Jeffrey
Jeffrey

Reputation: 44798

Socket programming with NIO

I was messing around with NIO earlier today and as numClients got larger (~2500 for my computer), I started getting the following exception:

java.net.ConnectException: Connection refused: no further information
    at sun.nio.ch.SocketChannelImpl.checkConnect(Native Method)
    at sun.nio.ch.SocketChannelImpl.finishConnect(SocketChannelImpl.java:701)
    at SocketInformationExceptionTest.run(SocketInformationExceptionTest.java:49)
    at java.lang.Thread.run(Thread.java:722)

From this code:

import java.io.IOException;
import java.net.InetAddress;
import java.net.InetSocketAddress;
import java.nio.channels.ClosedChannelException;
import java.nio.channels.SelectionKey;
import java.nio.channels.Selector;
import java.nio.channels.ServerSocketChannel;
import java.nio.channels.SocketChannel;
import java.util.Iterator;
import java.util.concurrent.BlockingQueue;
import java.util.concurrent.LinkedBlockingQueue;

public class SocketInformationExceptionTest implements Runnable {
    private static interface Request {
        public void process(Selector sel);
    }

    private final Selector selector;
    private final BlockingQueue<Request> requests = new LinkedBlockingQueue<>();

    public SocketInformationExceptionTest() throws IOException {
        selector = Selector.open();
    }

    public void addRequest(Request r) {
        requests.add(r);
        selector.wakeup();
    }

    @Override
    public void run() {
        while (true) {
            while (!requests.isEmpty()) {
                Request r = requests.poll();
                r.process(selector);
            }
            try {
                selector.select();

                Iterator<SelectionKey> itr = selector.selectedKeys().iterator();
                while (itr.hasNext()) {
                    SelectionKey key = itr.next();
                    itr.remove();

                    if (key.isValid()) {
                        if (key.isAcceptable()) {
                            ((ServerSocketChannel) key.channel()).accept();
                        } else if (key.isConnectable()) {
                            ((SocketChannel) key.channel()).finishConnect();
                        }
                    }
                }
            } catch (IOException e) {
                e.printStackTrace();
            }
        }
    }

    public static void main(String[] args) throws IOException {
        int numClients = 2500;

        SocketInformationExceptionTest test = new SocketInformationExceptionTest();
        new Thread(test).start();

        final ServerSocketChannel server = ServerSocketChannel.open().bind(
                new InetSocketAddress(1234));
        server.configureBlocking(false);

        test.addRequest(new Request() {
            @Override
            public void process(Selector sel) {
                try {
                    server.register(sel, SelectionKey.OP_ACCEPT);
                } catch (ClosedChannelException e) {
                    e.printStackTrace();
                }
            }
        });

        for (int x = 0; x < numClients; x++) {
            final SocketChannel socket = SocketChannel.open();
            socket.configureBlocking(false);
            socket.connect(new InetSocketAddress(InetAddress.getLocalHost(),
                    1234));

            test.addRequest(new Request() {
                @Override
                public void process(Selector sel) {
                    try {
                        socket.register(sel, SelectionKey.OP_CONNECT);
                    } catch (ClosedChannelException e) {
                        e.printStackTrace();
                    }
                }
            });
        }

        System.exit(0);
    }
}

Is this a case where my computer just can't keep up with the requests or is something more sinister going on here? Googling turned up nothing of use.

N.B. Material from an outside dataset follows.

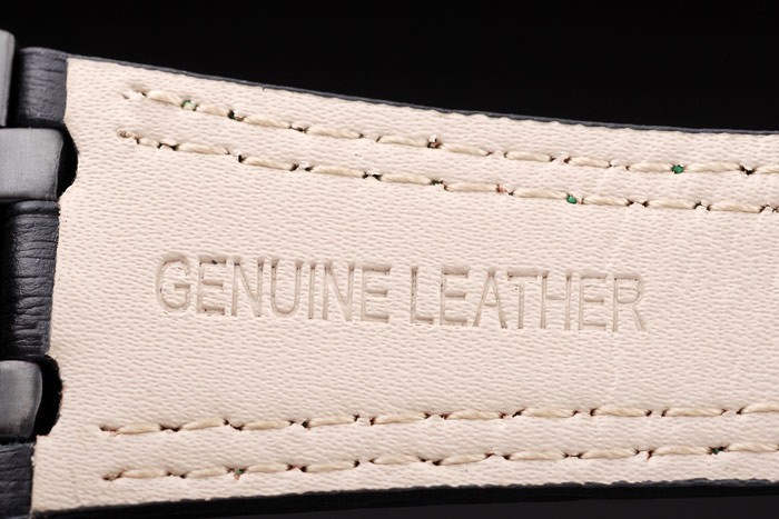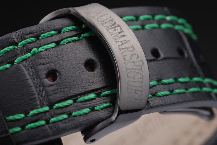 Bracelet: Heat embossed Audemars Piguet zwarte krokodillenleren band met dubbele stiksels en groen Audemars Piguet gegraveerde-ion-plated plooi-in clasp

Potentially relevant information:
java version "1.7.0_02"
Java(TM) SE Runtime Environment (build 1.7.0_02-b13)
Java HotSpot(TM) Client VM (build 22.0-b10, mixed mode, sharing)

32 bit Windows 7 Home Premium SP 1
AMD Turion M500 Dual Core 2.20 GHz
2.00 GB Memory
Realtek RTL8191SE Wireless LAN 802.11n PCI-E NIC

Upvotes: 1

Views: 2770

Answers (1)

user207421
user207421

Reputation: 310850

You are opening thousands of client connections in a row with no intervening sleeps, so you are probably going to overflow the listen backlog queue of the ServerSocketChannel, at which point Windows starts refusing connections. Whatever you're testing with this technique, it isn't a valid test, as you are (a) starving the server thread of an opportunity to run and (b) probably about to exhaust the outbound port space, at which point you will start getting BindExceptions on the connect(), if you can get past your present issue.

Also, you aren't closing your connected and accepted channels, just accumulating them forever. So when you reach numClients = 2500 you have 5000 sockets open, do you realize that?